This study gathers data from across England, where the intensity, duration, and frequency of heatwaves are gradually increasing due to climate change. England’s healthcare infrastructure is generally unsuited for excessive heat, as most facilities are not equipped with air conditioning; roughly 90% of English hospitals are vulnerable to overheating. This study found that depending on the facility, indoor temperature management may be further complicated by unopenable windows and different ventilation and insulation characteristics.
To assess the impacts of hot weather on frontline staff in hospitals as well as overall healthcare delivery and patient safety.
Data were collected from employees working in hospitals located within seven different regions across England. Although the data collected was concerned with these employees’ experiences during the summer of 2019, the data itself was gathered between October 2019 and January 2020. The summer of 2019 was considered warm but not extremely so, making its conditions ideal for understanding healthcare staff’s experiences under more typical summer situations
A total of 14 participants were recruited for this study, including four clinical personnel and 10 non-clinical employees of the National Health Service (NHS). Participants were invited via email for a 1-hour interview. Upon joining the study, each participant completed a short online pre-interview questionnaire using SelectSurvey software. This survey asked questions concerning adherence to England’s Heat-Health Alert action plans, which are part of the country’s broader Heatwave Plan.
Following the pre-interview surveys, each participant took part in a semi-structured interview which addressed their challenges, experiences, lessons learned, and general reflections upon working during the summer of 2019. More specific questions were asked concerning heatwave planning, impacts on participants, preparing and alerting, impacts on the working environment and colleagues, impacts on patients, and suggestions for improving future heatwave resilience.
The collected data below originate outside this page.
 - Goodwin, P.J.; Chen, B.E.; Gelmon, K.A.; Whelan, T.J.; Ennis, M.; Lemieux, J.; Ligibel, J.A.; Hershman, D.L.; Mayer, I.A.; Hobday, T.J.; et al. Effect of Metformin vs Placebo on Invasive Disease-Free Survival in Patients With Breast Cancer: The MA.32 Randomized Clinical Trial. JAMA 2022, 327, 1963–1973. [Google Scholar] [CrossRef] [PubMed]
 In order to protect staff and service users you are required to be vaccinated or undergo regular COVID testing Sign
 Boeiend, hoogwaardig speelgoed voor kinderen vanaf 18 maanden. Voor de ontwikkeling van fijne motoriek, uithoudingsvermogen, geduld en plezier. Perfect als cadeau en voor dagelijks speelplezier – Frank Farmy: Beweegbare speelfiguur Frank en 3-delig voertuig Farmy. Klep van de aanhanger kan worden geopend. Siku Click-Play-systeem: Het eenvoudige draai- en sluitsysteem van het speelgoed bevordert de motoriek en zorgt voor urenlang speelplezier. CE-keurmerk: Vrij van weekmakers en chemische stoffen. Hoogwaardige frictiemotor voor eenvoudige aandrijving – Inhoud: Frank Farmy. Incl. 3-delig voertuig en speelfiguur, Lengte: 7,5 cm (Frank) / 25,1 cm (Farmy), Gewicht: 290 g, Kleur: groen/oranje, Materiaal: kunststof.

All interviews were recorded and transcribed verbatim.
All data were thematically analyzed and coded with the Evidence for Policy and Practice Information (EPPI) Reviewer software. Thematic analysis was tested and agreed upon by all members of the research team.
Thematic analysis revealed several key themes, including the impacts of heat on individual well-being and health (patient health and safety, as well as occupational health), impacts on the provision of healthcare, barriers to the delivery of healthcare service, issues with heatwave planning, and the considerations involved in adapting to climate change.
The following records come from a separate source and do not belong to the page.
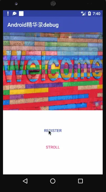 此时如果我们直接运行程序后发现已经可以看到入口页面WelcomeFragment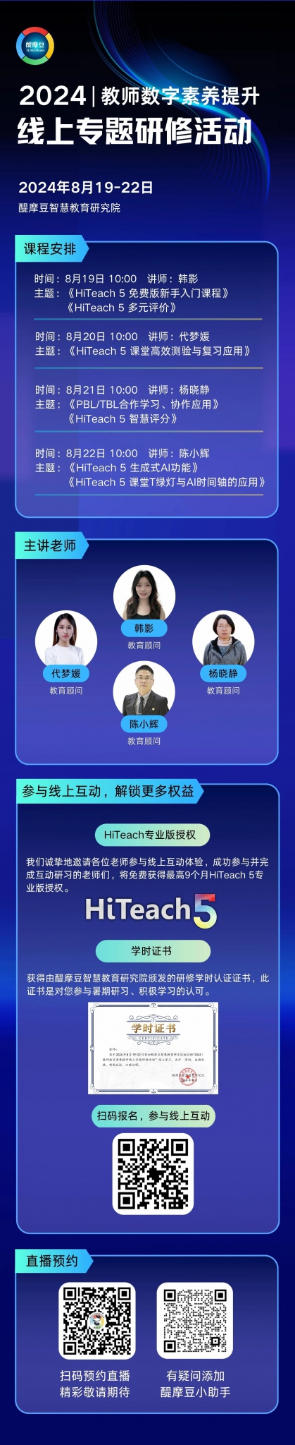為深入學(xué)習(xí)黨的二十大精神,扎實(shí)推進(jìn)國(guó)家教育數(shù)字化戰(zhàn)略行動(dòng),積極推動(dòng)教師學(xué)習(xí)方式變革,全面提高教師利用數(shù)字技術(shù)優(yōu)化、創(chuàng)新和變革教育教學(xué)活動(dòng)的意識(shí)、能力和責(zé)任,醍摩豆智慧教育研究院決定開(kāi)展“2024|教師數(shù)字素養(yǎng)提升線(xiàn)上專(zhuān)題研修活動(dòng)”,旨在幫助教師熟練掌握HiTeach 5最新功能及常用工具,促進(jìn)教師數(shù)字化素養(yǎng)提升,提升個(gè)人專(zhuān)業(yè)發(fā)展,助力課堂輕松教學(xué)。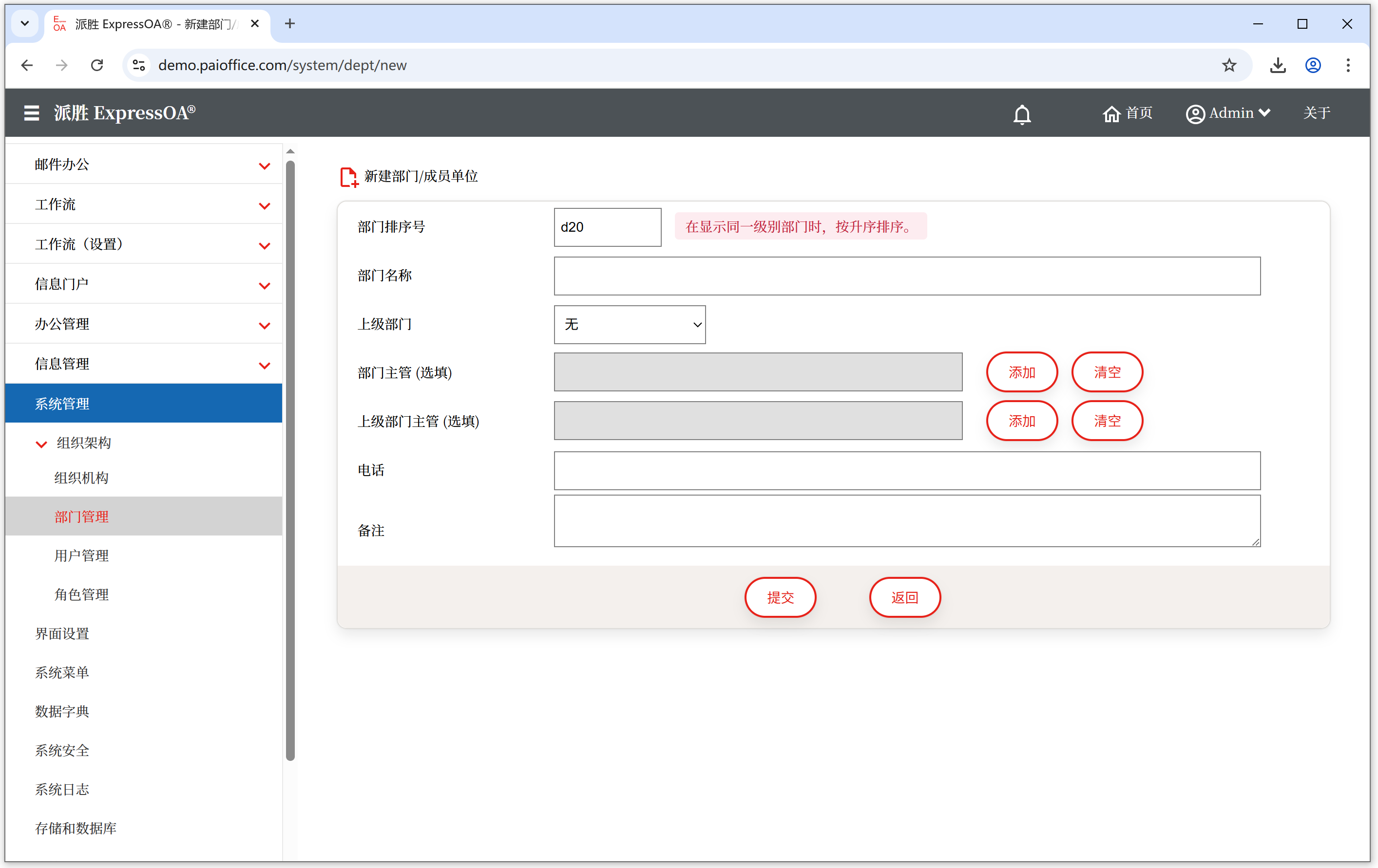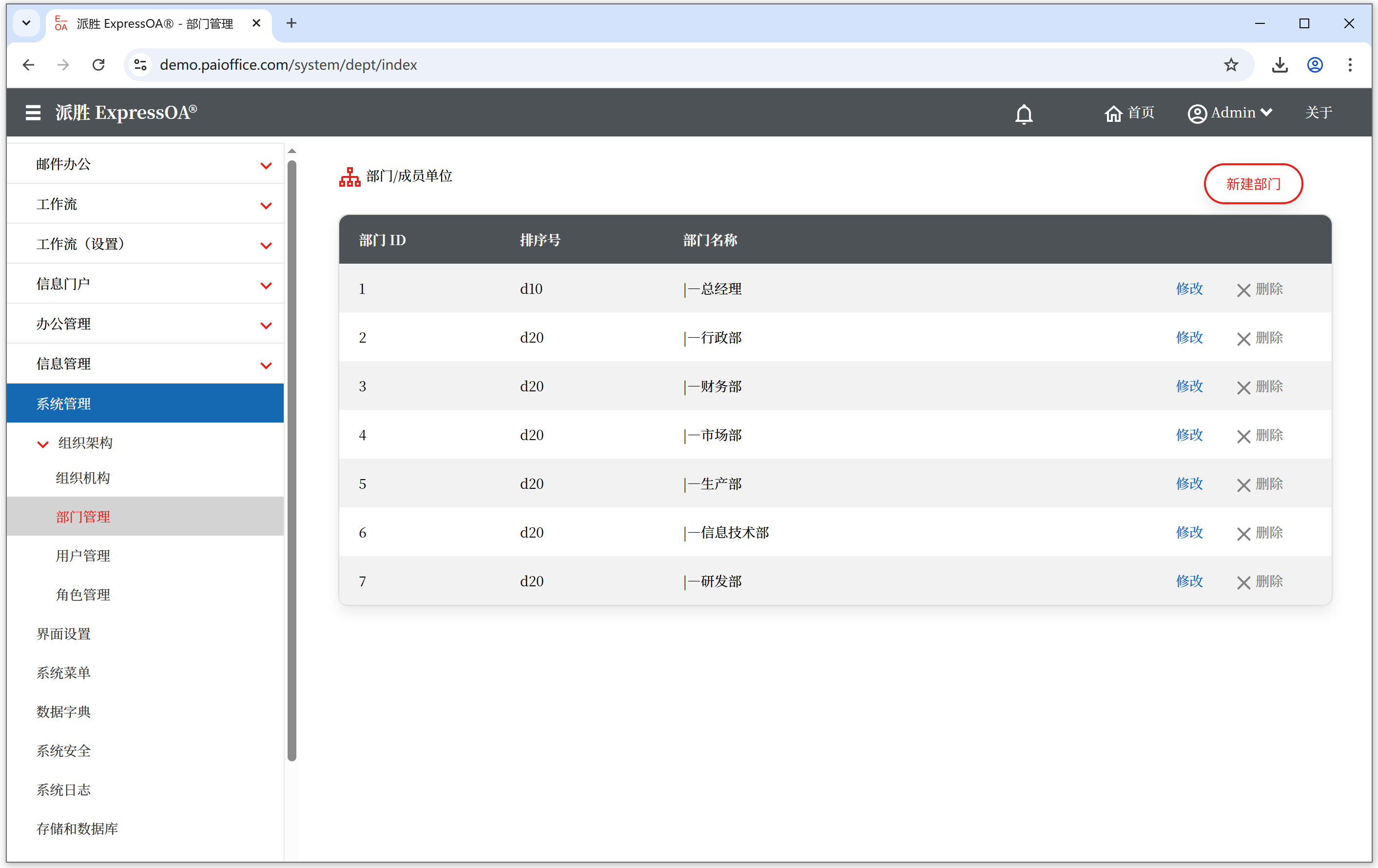 访问 ExpressOA 菜单【系统管理 → 部门管理】,创建、修改和删除部门。

Most participants experienced overheating within their healthcare buildings, resulting in adverse effects on themselves, patients, and other staff members. Heat contributed to a lack of energy, stress, a loss of efficiency, and general distress. The heat was noted to be especially difficult on patients who were detained by law within psychological care wards, as these patients were not allowed to open their windows for fear of escaping. There was a high demand for portable fans in all cases.
In some cases, medical storage facilities that were needed to house medications at certain temperatures experienced refrigerator breakdowns. Server rooms also overheated in multiple instances, leading to difficulties in the proper function of computer systems. Intensive care units were particularly affected, as the high temperatures of operating theaters and magnetic resonance imaging (MRI) scanners caused delays in patient care. In one facility that featured an air conditioning unit, the unit itself became overburdened and began leaking condensation onto some relocated patients.
The authors note that the participating clinicians represented a limited range of specialties; future studies conducted with a similar goal might endeavor to include a wider array of healthcare workers. The fact that the interviews were conducted after a heatwave rather than during the event may have impacted participant recall. Additionally, interviews conducted via videocall or telephone may have limited participants’ ability to communicate their experiences.